I love this example I came up with based on Steven Pinker’s Language Instinct examples of irregular plurals demonstrating the way we get a window into the brain’s workings via grammar. He used words like “tooth” “teeth” but “sabertooth” “sabertooths” to demonstrate that if the word does not denote what the head word is, “tooth” in this case, then it is not treated as an irregular plural, i.e. a “sabertooth” is not a tooth but an animal. What happens, apparently, in the brain is that the pathway for making words plural in a regular way is to select the word from storage, bring it to the platform where grammar is applied, and attach -s. But an irregular plural like “teeth” is stored just like any other word, right alongside “tooth” in this case. So it bypasses the grammatical stage as long as it is teeth we are talking about.
So I was reading my exercise book and noticed the name for one exercise is “jackknife”. “So how many jackknifes should you do?” “Wait a minute,” I thought, ‘jackknifes’? Why not ‘jackknives’?” Ah! A jackknife is not a knife, it is an exercise, therefore “jackknife” does not bypass the grammatical platform where the -s is added but instead does stop to take on the -s for plural.

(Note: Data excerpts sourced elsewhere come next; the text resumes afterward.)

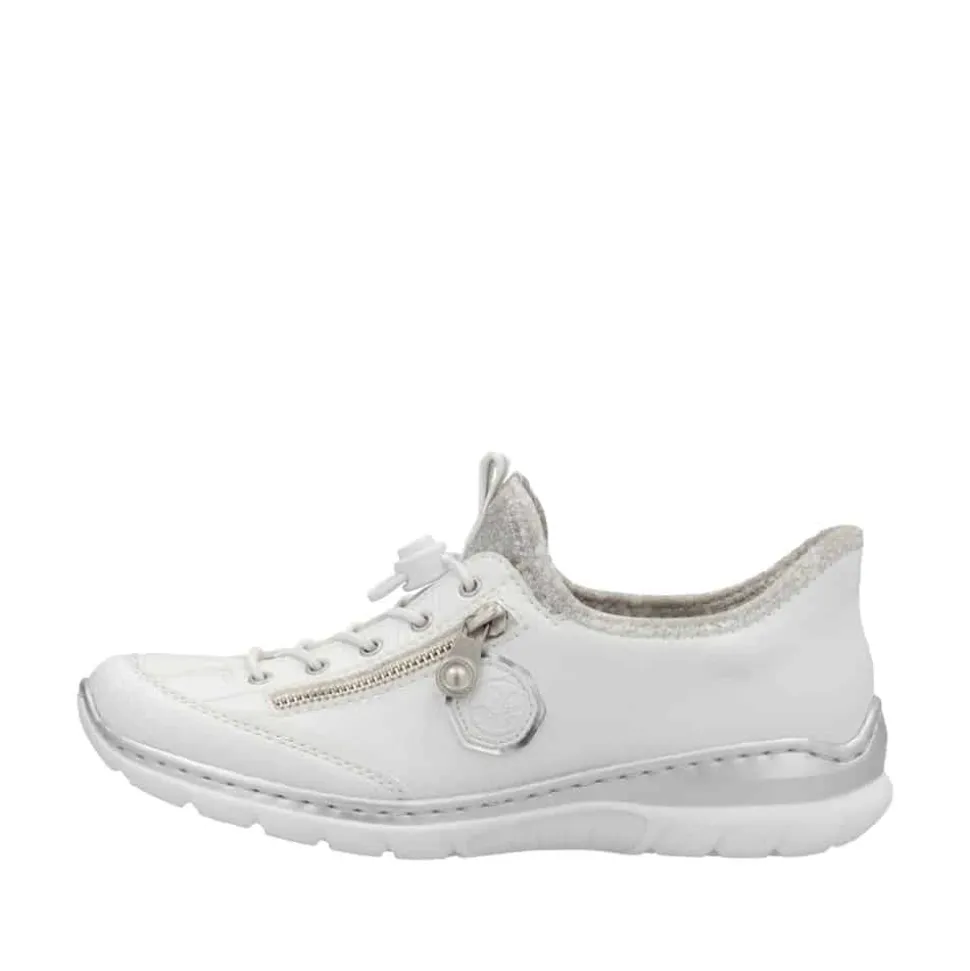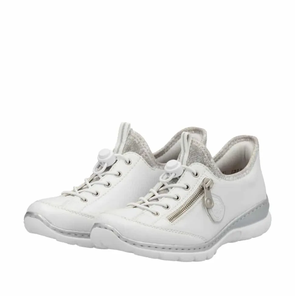 Rieker Ready 2 Go sneakers til dame i hvid. Med Ready2GO-teknologien kan du nemt træde i skoene uden at bøje dig ned eller bekymre dig om slid på hælkappen, hvilket gør dem til et praktisk og stilfuldt valg. Den ekstra bløde Memosoft-indlægssål former sig efter din fod for en skræddersyet komfort, der varer hele dagen. Overdelen er fremstillet i slidstærkt kunstlæder, mens den åndbare tekstilforing holder dine fødder friske og behagelige. Elastikbåndene gør det unødvendigt at binde snørebånd, hvilket gør dem perfekte til både hverdag og afslappede aktiviteter. Et ideelt valg for dig, der ønsker en kombination af funktionalitet og moderne design.
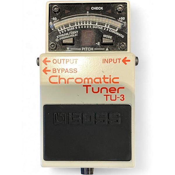 Used BOSS TU-3 Chromatic Tuner Pedal in great condition. This rugged stompbox features a 21-segment LED meter with brightness control, accurate tuning modes including Chromatic and Guitar/Bass, and a reliable flat tuning function. Built for the stage, it mutes your signal for silent tuning and supports tuning for 7-string guitars and 6-string basses. Powered by 9V battery or PSU (not included), it's a must-have utility pedal for any serious player.
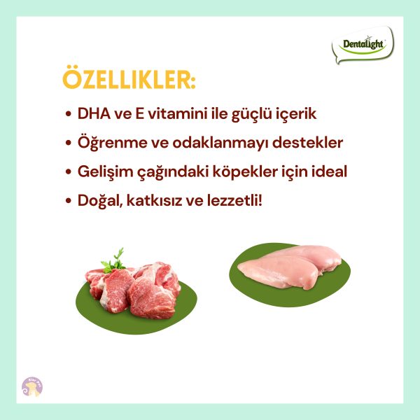 Dentalight Yumm Stix Tavuk ve Kuzu Etli Köpek Ödül Mamasi , Günde bir adet önerilen 6 aydan büyük köpekler için uygun, lezzetli ve besleyici bir ödüldür.
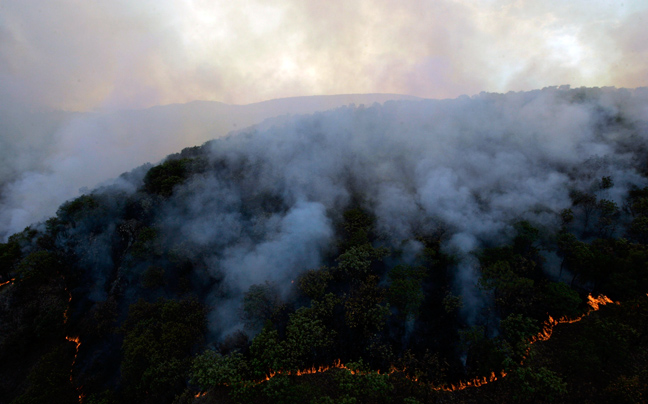 Από το Σάββατο που ξέσπασε έχει κάψει τουλάχιστον τριάντα τετραγωνικά χιλιόμετρα.
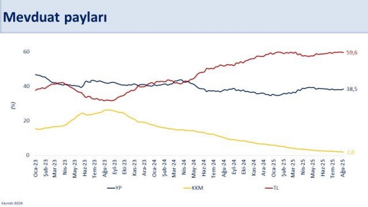 TL mevduatın payı yüzde 59,6’ya yükseldi.
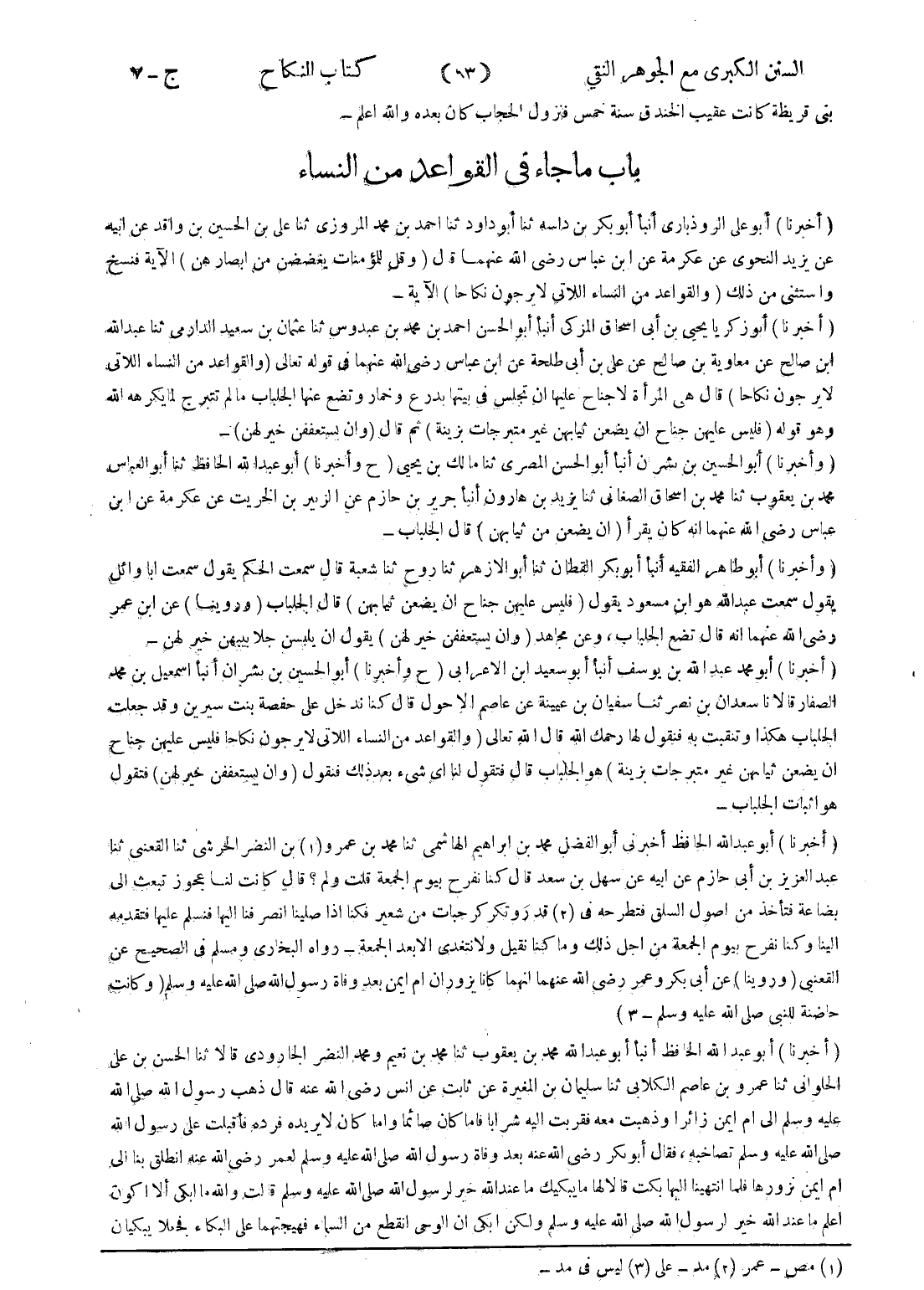 (أخبرنا) أبو على الروذبارى أنبأ أبو بكر بن داسه ثنا أبو داود ثنا احمد بن محمد المروزى ثنا على بن الحسين بن واقد عن ابيه عن يزيد النحوي عن عكرمة عن ابن عباس رضى الله عنهما قال (وقل للمؤمنات يغضضن من ابصارهن) الآية فنسخ واستثنى من ذلك (والقواعد من النساء اللاتى لا يرجون نكاحا) الاية
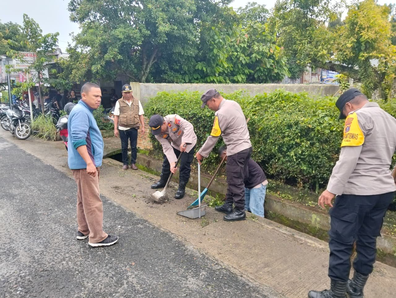 Pematangsiantar | DelikSumut – Kapolsek Siantar Selatan IPTU Priston Simbolon bersama personil mengikuti gotong royong di Jalan Marimbun, Kelurahan Martimbang, Kecamatan Siantar Selatan, Kota Pematangsiantar tepatnya didepan Kantor Kelurahan Martimbang, Jumat (28/11/2025) pagi sekira pukul 08.00 Wib.
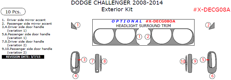 Dodge Challenger 2008, 2009, 2010, 2011, 2012, 2013, 2014, Exterior Kit, 10 Pcs.
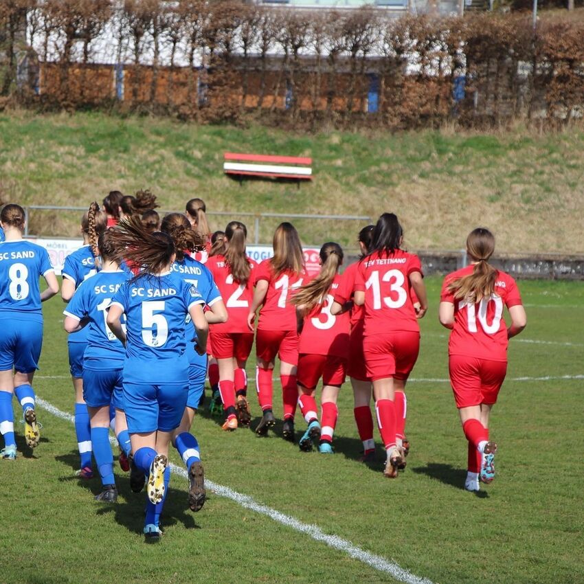 Die Juniorinnen vom SC Sand konnten durch Konter das verbesserungswürdige Umschaltspiel der Heimmannschaft für sich nutzen, um selber zu Chancen zu gelangen. Jedoch hatten die Tettnangerinnen durch ihren Kampfgeist immer einen Fuß dazwischen, den Rest hielt die fehlerfreie Torspielerin Lisa Mägerle souverän.
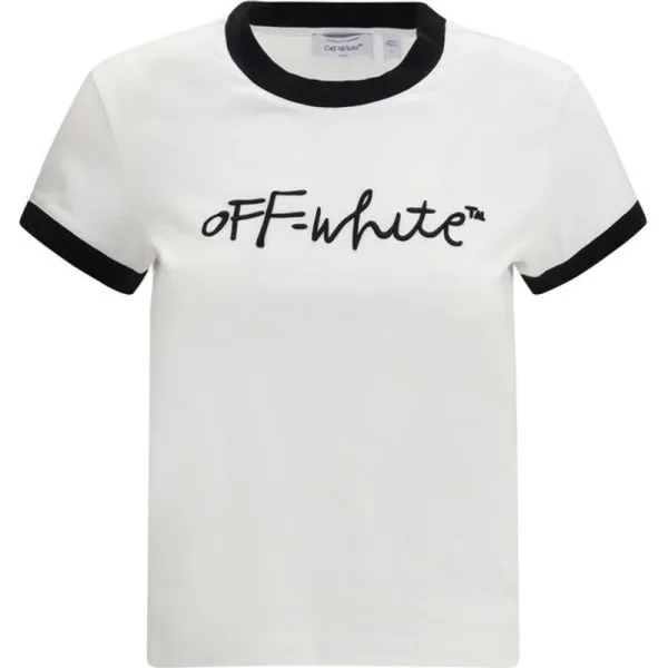 Het Script T-shirt van Off-White vernieuwt een garderobe-essential met een schone, kenmerkende esthetiek. Gemaakt van zachte katoen, heeft het een geborduurd Script-logo op de voorkant, een contrasterende ronde halslijn en korte mouwen, wat zorgt voor een subtiele maar onderscheidende uitstraling die ideaal is voor moderne casual styling. Seizoen: SS26 Pasvorm: Regular Samenstelling: 100% Katoen
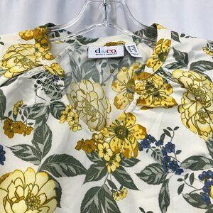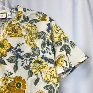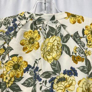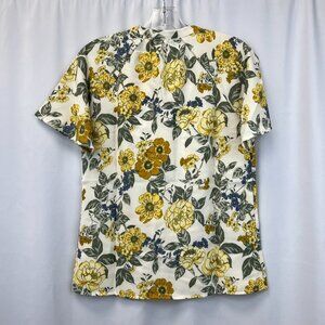Denim & Co. Womens Multicolor Floral Split Neck Short Sleeve Blouse Top Size 2XS
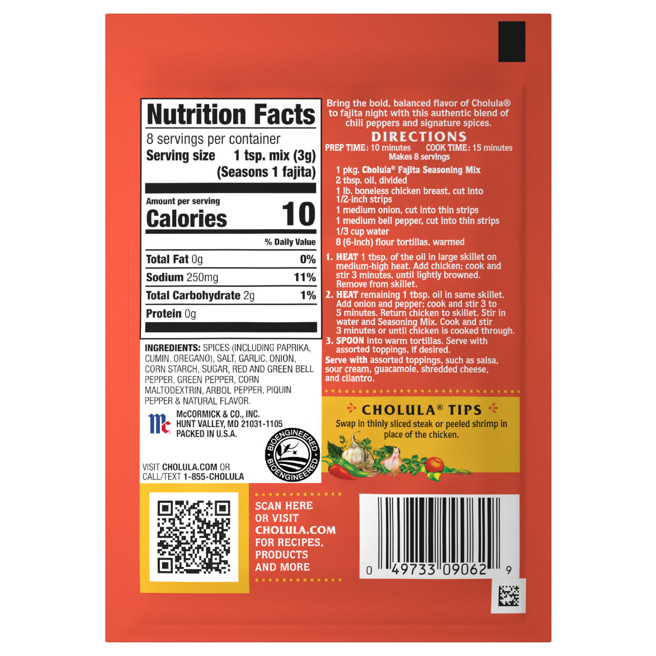 Invite flavor to your table with Cholula Original Fajita Medium Seasoning Mix. This bold, balanced blend of chili peppers and signature spices makes it easy to serve up a craveable fajitas any night of the week. A popular Tex-Mex dish, fajitas are loved for their versatility and delicious flavor. You can recreate a similar style of meal at home by preparing seasoning mix with chicken, steak, or pork, and sliced onions and peppers. Serve in warm four tortillas and garnish with favorite toppings – and a generous shake of Cholula Hot Sauce.
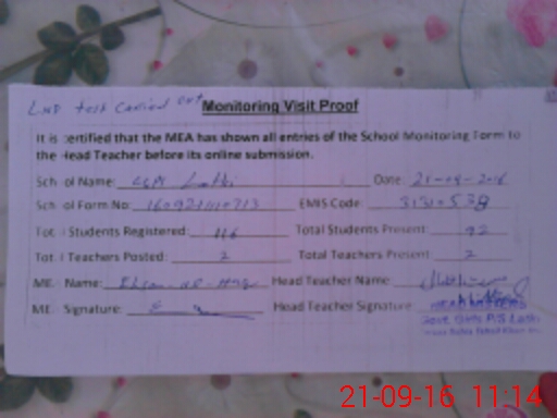 | EMIS Code: 31310538 | Name of School: GGPS LATKI | |||
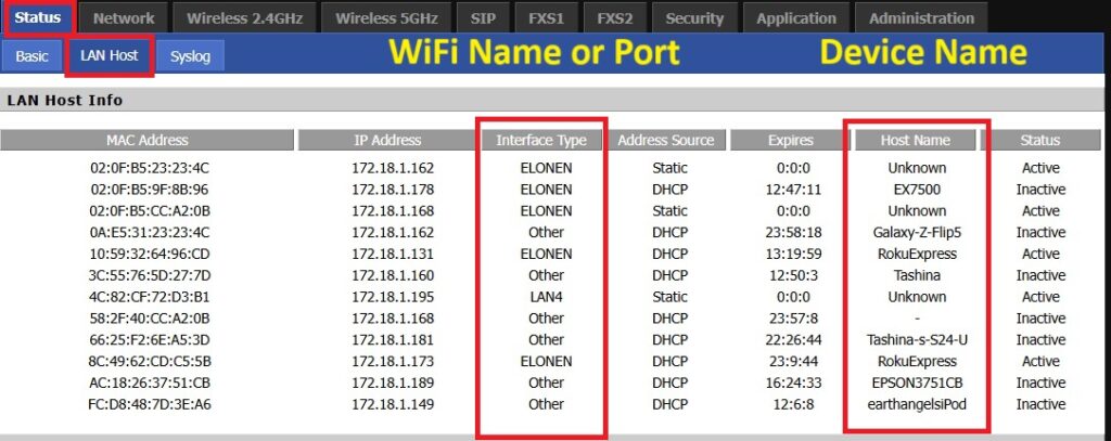 If you click on LAN Host under Interface Type you will see the connected devices and whether they are connected to the wifi or are hardwired to a LAN port. On the right side you will see the Device Name which can be useful for determining what the device is you are looking at. If it is not obvious what the device is you can look up the MAC address using the Wireshark OUI lookup tool.
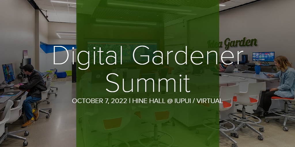 The 2nd annual Digital Gardener Summit brought together individuals from across IU and beyond to engage in conversations around supporting student success through digital literacy, creativity, and the formation of essential 21st century skills. The event took place from 10 a.m. - 4 p.m. on Friday, October 7, 2022 at IUPUI's Hine Hall and virtually.
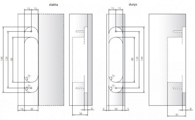 Staktos pusėje galima atitraukti 14mm nuo krašto.
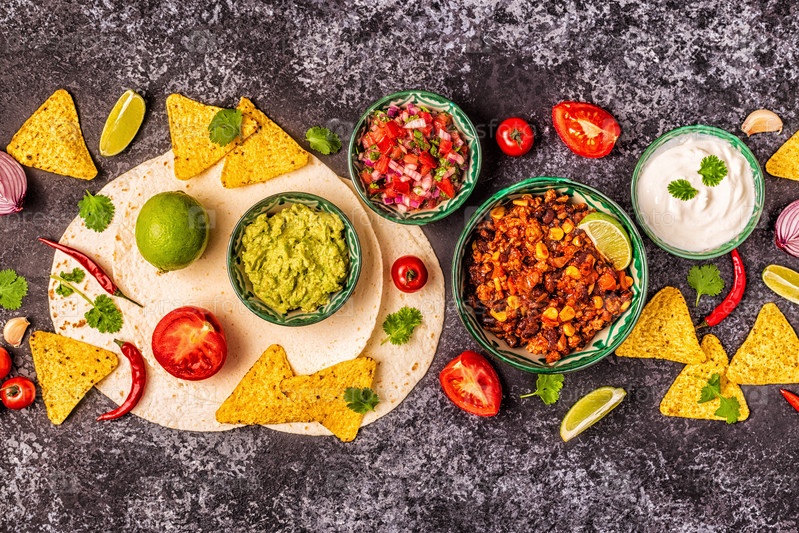 Концепция мексиканской кухни: лепешки, начос с гуакамоле, сальса
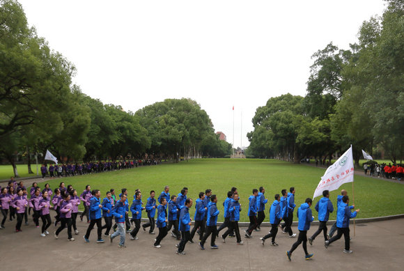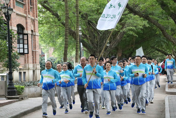 随后,黎孟枫副校长宣告本次环校长跑起跑仪式正式开始。以校旗为首的各单位方阵依次出发,途经逸仙路、孙中山铜像、小礼堂、马岗顶、园东区,最后到达英东体育场汇合,参加体育节开幕式。长跑健儿们着装统一,精神抖擞,步伐稳健,一个个鱼贯前行的彩色方队组成了康乐校园里最艳丽的风景线,充分展现了今年会人健康蓬勃、积极向上的精神风貌。
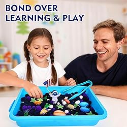 - Launch into a Mess-Free Galactic Learning Adventure!Discover the ultimate space-themed sensory play experience! Our bin is filled with soft, colorful polyester pom poms—a clean, no-mess alternative to kinetic sand. Perfect for indoor play, it encourages tactile exploration and is ideal for calming sensory activities.Explore the Solar System & Boost DevelopmentKids love digging out the 8 detailed planets toys and matching them to the star map. It’s a hands-on STEM science kit that makes learning fun! This educational activity also builds fine motor skills and hand-eye coordination as children use the tools to scoop and sort.The Perfect Gift for Young ExplorersAn unforgettable birthday or Christmas gift for boys and girls ages 3+. Its portable design makes it a great travel toy for toddlers, perfect for play at home, daycare, or on the go.
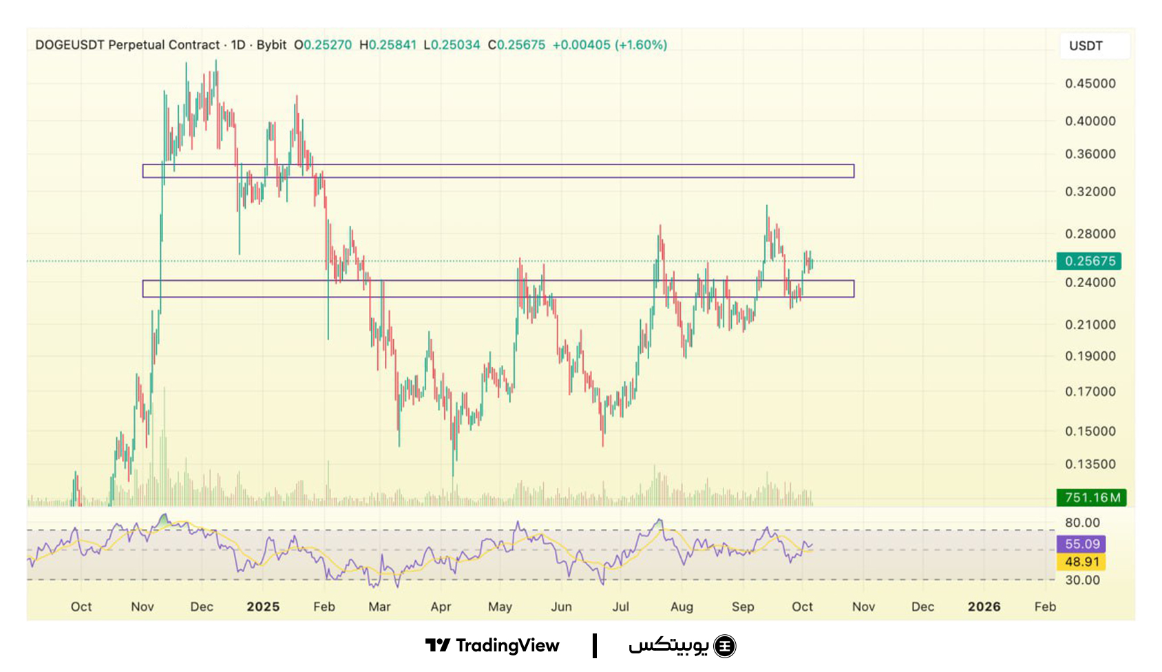 دوج کوین: دوجکوین در محدودهای حیاتی قرار دارد. سطح ۰.۲۲۸ تا ۰.۲۴۱ دلار بهعنوان حمایت اصلی عمل میکند و میتواند از کاهش بیشتر قیمت جلوگیری کند. در سوی دیگر، محدوده ۰.۳۳۴ تا ۰.۳۴۸ دلار مقاومت کلیدی است که عبور از آن میتواند حرکت صعودی جدیدی را آغاز نماید.
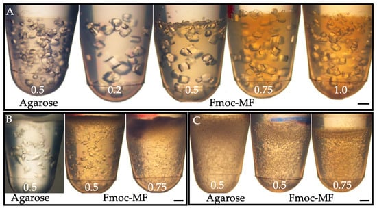 Fmoc-MF and Fmoc-Y hydrogels were tested as media for protein crystallization with the model proteins lysozyme, glucose isomerase, and thaumatin, using the two-layer configuration of the counter-diffusion technique. Crystals of the three model proteins were obtained using Fmoc-MF hydrogels (Figure 1). Although the comparison of nucleation density has to be done with care when using counter-diffusion techniques, due to the evolution of the supersaturation within the length of the experiment, we observed that in the case of lysozyme, the number of crystals at low gel concentration, for instance 0.2% (w/v), was lower than the experiment done in agarose at 0.5% (w/v). This result can be explained by the well-known capability of agarose hydrogel to induce the nucleation of lysozyme [26]. It is also observed from Figure 1A that the number of crystals increased with the increasing Fmoc-MF, reaching agarose nucleation density when the concentration was 1.0% (w/v). Contrarily, thaumatin showed a much higher nucleation density in Fmoc-MF at any concentration than the reference experiment in agarose. As the records on the effect of agarose on the nucleation of thaumatin are not available, we cannot attribute this enhancement of nucleation to the Fmoc-MF hydrogel; it could also be an inhibition effect of agarose over the nucleation of thaumatin. In the case of glucose isomerase, there was some enhanced nucleation density in the experiments with agarose when compared to those run in Fmoc-MF, regardless of the concentration of the hydrogel. Overall, the effect could be the promotion of nucleation induced by agarose fibers or an inhibition effect of the Fmoc-MF hydrogel.

This particular word demonstrates this nicely b/c there are so many words, like “penknife”, that denote an actual knife and so take the -ves plural: penknives. But even better, there is a knife called a jackknife, when the name for the exercise, which also uses the irregular plural: jackknives.
You can imagine a tough challenging a guy like this: “I have several jackknives on me and I’ll cut you if you don’t do 10 jackknifes for me.” Tough workout.